2 shows the photoresist pattern PR as a mask, the exposed W layer 30 and the TiN layer 20 as an etching target, and the multilayer film is formed in the same chamber under the following etching conditions. Situ etching step.

The etching conditions are as follows. The mixed gas of SF ₅ gas and CF ₄ gas is used as the etching water, and the total flow rate is 40 to 100 sccm, and the gas fraction of CF ₄ / (SF ₅ CF ₄ ) is about 0.1 to 0.9, The power ranges from 100 to 500W and uses a plasma source at a low pressure of 100mTorr.

In this case, the CF _4, instead of carbon, such as _{C 2 F6, C 3 F 8} - can be used as a mixture of any of the gas in the loop fluoride-based gas and the SF _6. In addition, a Ti-alloy or a compound such as Ti, TiW, and TiSi may be used instead of the TiN layer 20 constituting the multilayer film.

As shown in FIG. 2, WF _X and by-product TiF _{X, which} are by-products of the etching reaction of the W layer 30, are removed without re-reaction with an etching pattern, thereby forming a good vertical profile. You can get it.

3 illustrates a cross section after an ashing process and a washing process for removing the photoresist pattern PR.

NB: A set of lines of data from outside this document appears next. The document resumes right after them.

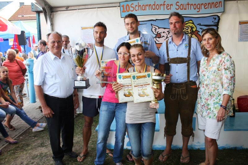 Der Reinerlös der Veranstaltung erging an die Kinderkrebsforschung. Bürgermeister Hubert Zwickelstorfer freute sich die Siegerehrung gemeinsam mit dem Obmann des Sautrogrennclubs Herbert Herl durchführen zu dürfen. Die Sieger bei den Herren waren Roland Glatzer und Robert Gaiswinkler, bei den Frauen siegten Barbara Gaiswinkler und Roswitha Mikola.
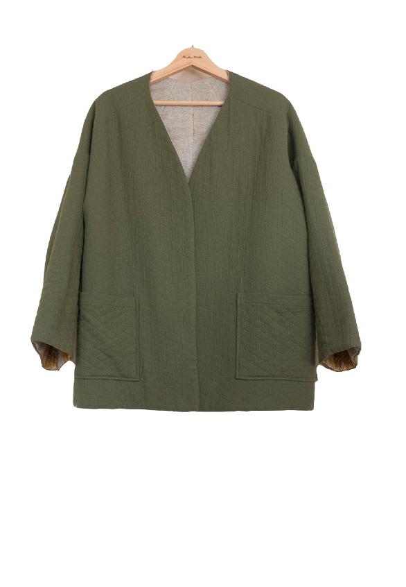 Chaqueta amplia de manga caída, bolsillos delanteros y cerrada con tres botones. Costuras rematadas con bies.
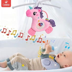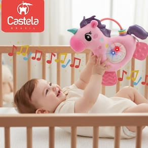 Leve diversão e aconchego para os pequenos com a pelúcia musical unicórnio da castela Desenvolvida especialmente para estimular os sentidos do bebê, ela combina maciez, luzes coloridas, música suave e ainda vem com mordedor seguro, ideal para a fase de dentição.
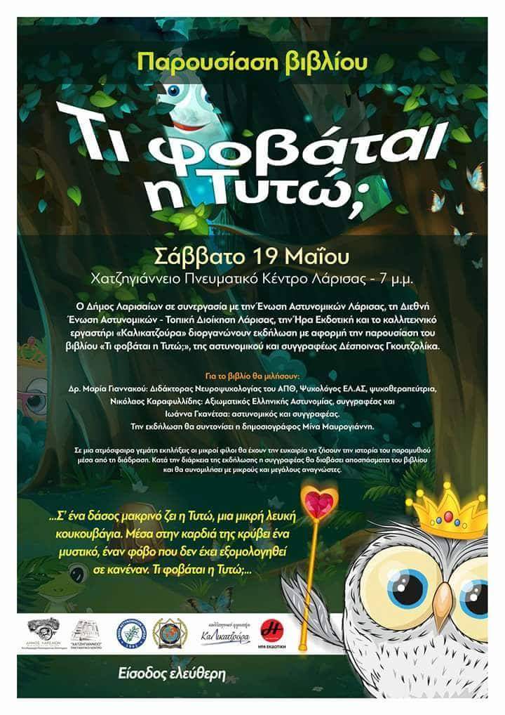 Ο Δήμος Λαρισαίων σε συνεργασία με την Ένωση Αστυνομικών Λάρισας, τη Διεθνή Ένωση Αστυνομικών – Τοπική Διοίκηση Λάρισας, την Ήρα Εκδοτική και το καλλιτεχνικό εργαστήρι «Καλικατζούρα» διοργανώνουν εκδήλωση με αφορμή την παρουσίαση του παιδικού βιβλίου «Τι φοβάται η Τυτώ;» της αστυνομικού και συγγραφέως Δέσποινας Γκουτζολίκα.
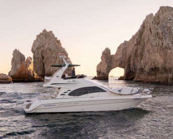 Cabo By Sea is a 2019 Sea Ray 45ft Motor Yacht based out of Cabo San Lucas. It can take up to ten guests. The boat is powered by two 50 HP diesel inboard Unknown engines, offering a maximum cruising speed of 20 knots. The vessel comes equipped with audio system, ice box, inside speakers, outside speakers, refrigerator and rod holders.
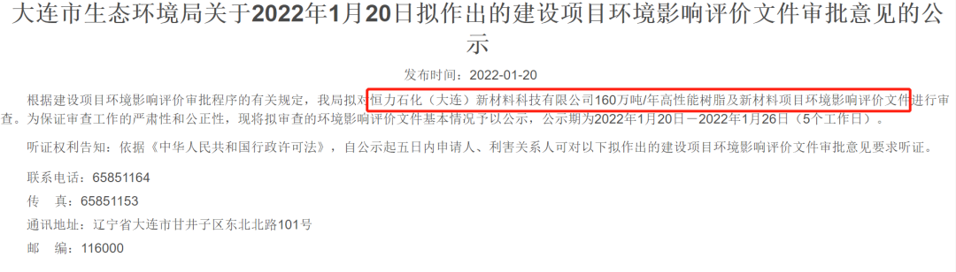 1月20日,大连市生态环境局对恒力石化(大连)新材料科技有限公司年产“160万吨/年高性能树脂及新材料项目”进行了拟批准公示。恒力石化通过恒力石化(大连)化工有限公司100%控股恒力石化(大连)新材料科技有限公司。

As described above, according to the multilayer film etching method of the present invention, the process film can be shortened and stabilized by patterning the multilayer film in which TiN and W are sequentially stacked in-situ in a single chamber using the same etching gas. It has the effect of obtaining a very good vertical cross-sectional profile.

Claims (5)

In the method of anisotropically etching a multi-layer metal composed of a tungsten (W) upper layer film and a tininanitride (TiN) underlayer, the mixed gas obtained by mixing the W / TiN multilayer film with SF ₆ gas and CF ₄ gas is etched. Using a multi-layer metal etching method characterized in that the etching in the same chamber. The method of claim 1, wherein a gas fraction (gas fraction) of the etching gas _{0.1≤CF 4 / (SF 6+ CF 4} ) multi-layer metal etching, characterized in that in the range of ≤0.9. The method of claim 1, wherein a plasma source is used at a total flow rate of 5 to 500 sccm and a pressure of 100 mTorr or less as the etching condition. The method of claim 1, wherein any one of bacon fluoride gas such as C ₂ F ₆ C ₃ F _{8 is} used in place of CF ₄ which is one of the mixed gases. The multilayer metal etching method according to claim 1, wherein any one of Ti-compounds made of Ti, TiW, TiSi, or the like is used instead of TiN constituting the underlayer metal of the multilayer metal.